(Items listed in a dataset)

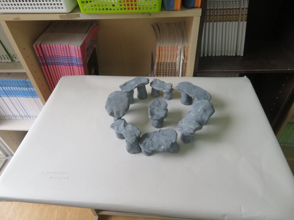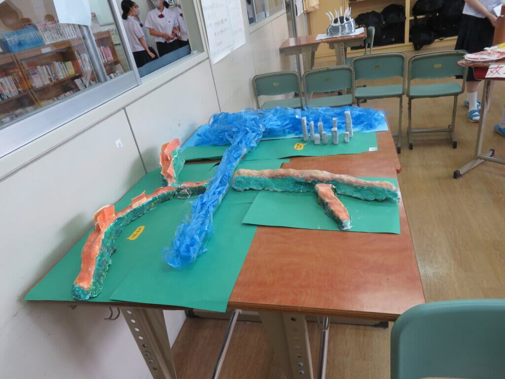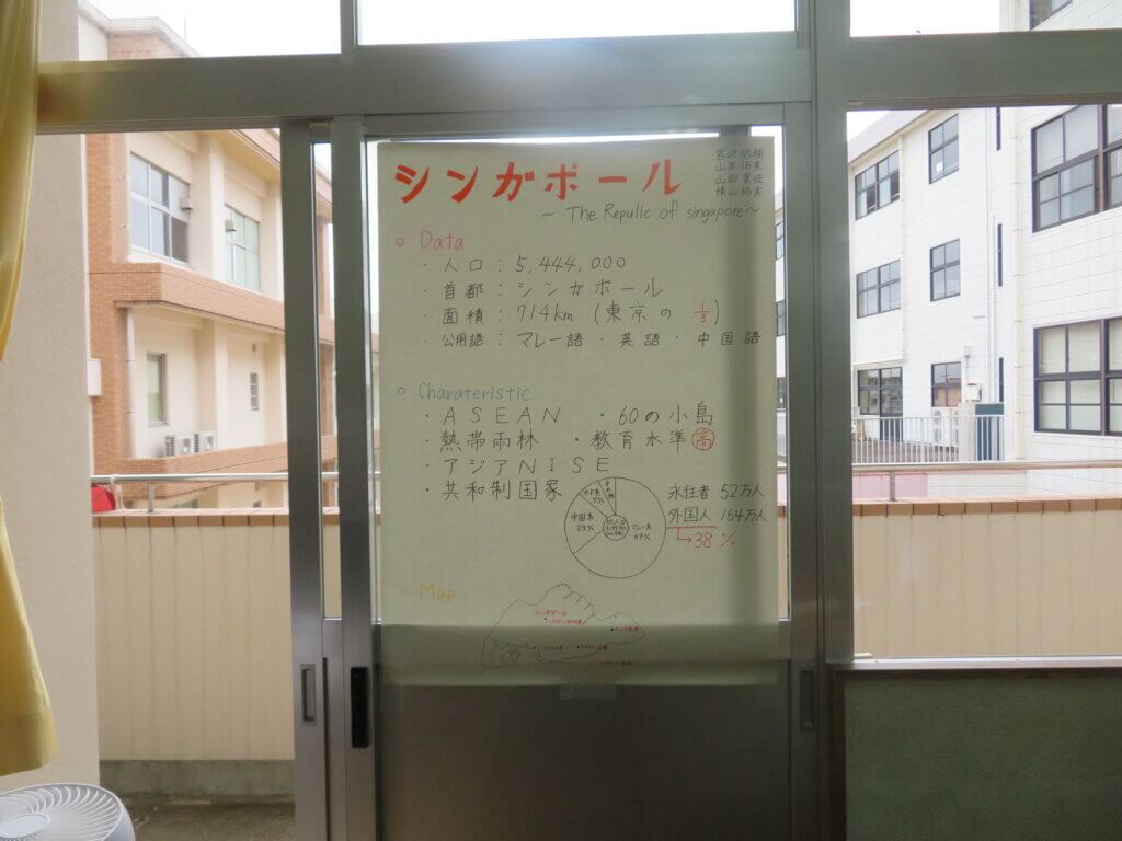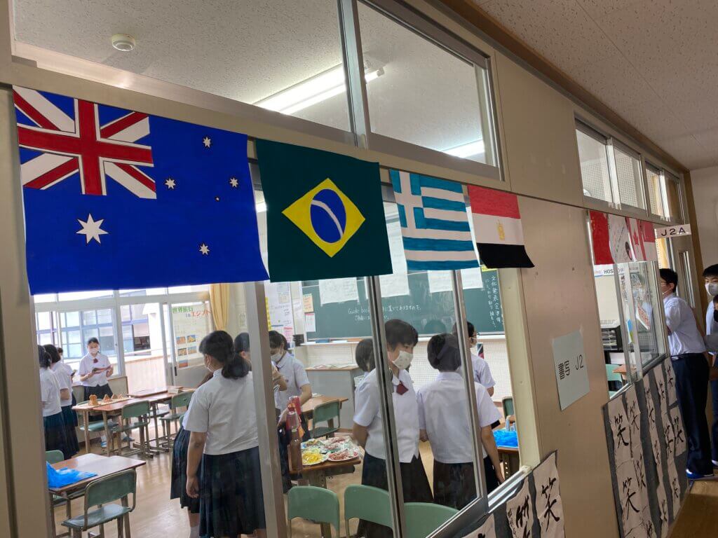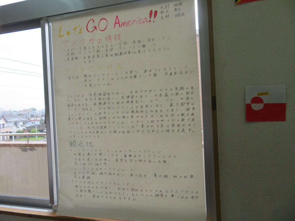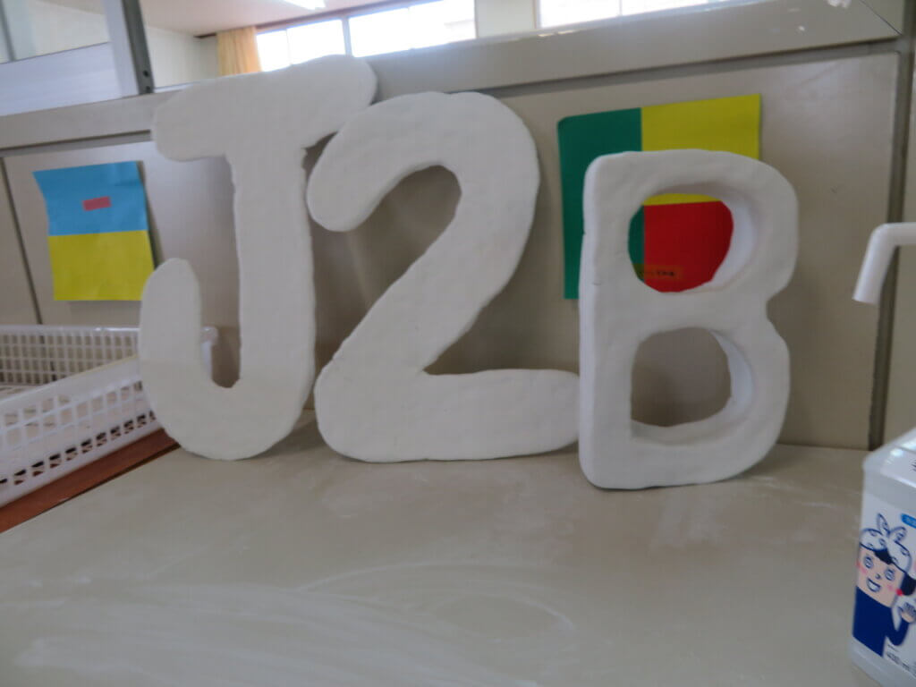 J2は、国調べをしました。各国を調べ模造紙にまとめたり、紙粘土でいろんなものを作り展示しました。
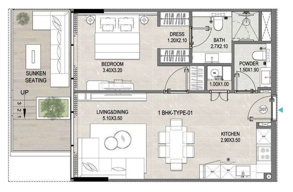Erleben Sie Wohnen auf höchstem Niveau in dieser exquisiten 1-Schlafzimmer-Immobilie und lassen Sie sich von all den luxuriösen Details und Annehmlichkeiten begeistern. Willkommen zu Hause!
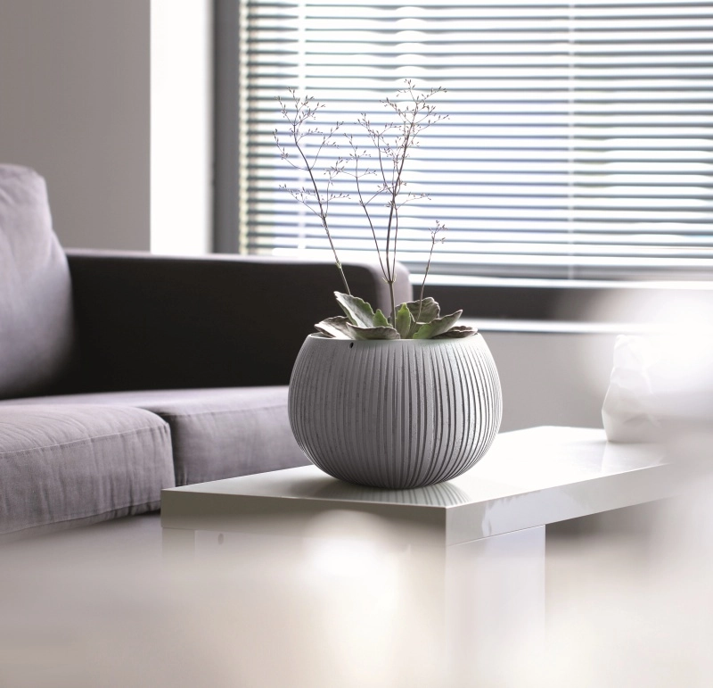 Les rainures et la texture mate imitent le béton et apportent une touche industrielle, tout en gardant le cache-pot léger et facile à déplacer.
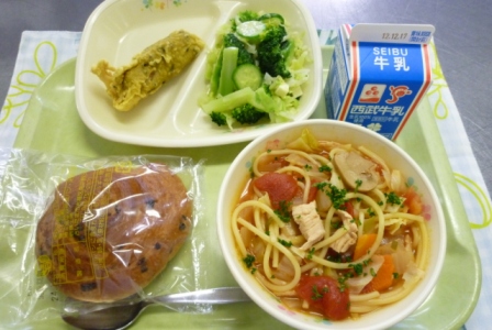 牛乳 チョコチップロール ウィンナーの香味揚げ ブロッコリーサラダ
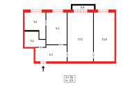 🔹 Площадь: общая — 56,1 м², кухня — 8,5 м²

▶ [Activity]: Reproduce only the lines between the line with "Les rainures et" and the final line of the records, both included, so that the copy matches them exactly and contains no pictures.

▶ [Answer for this exercise]:
 Les rainures et la texture mate imitent le béton et apportent une touche industrielle, tout en gardant le cache-pot léger et facile à déplacer.
 牛乳 チョコチップロール ウィンナーの香味揚げ ブロッコリーサラダ
 🔹 Площадь: общая — 56,1 м², кухня — 8,5 м²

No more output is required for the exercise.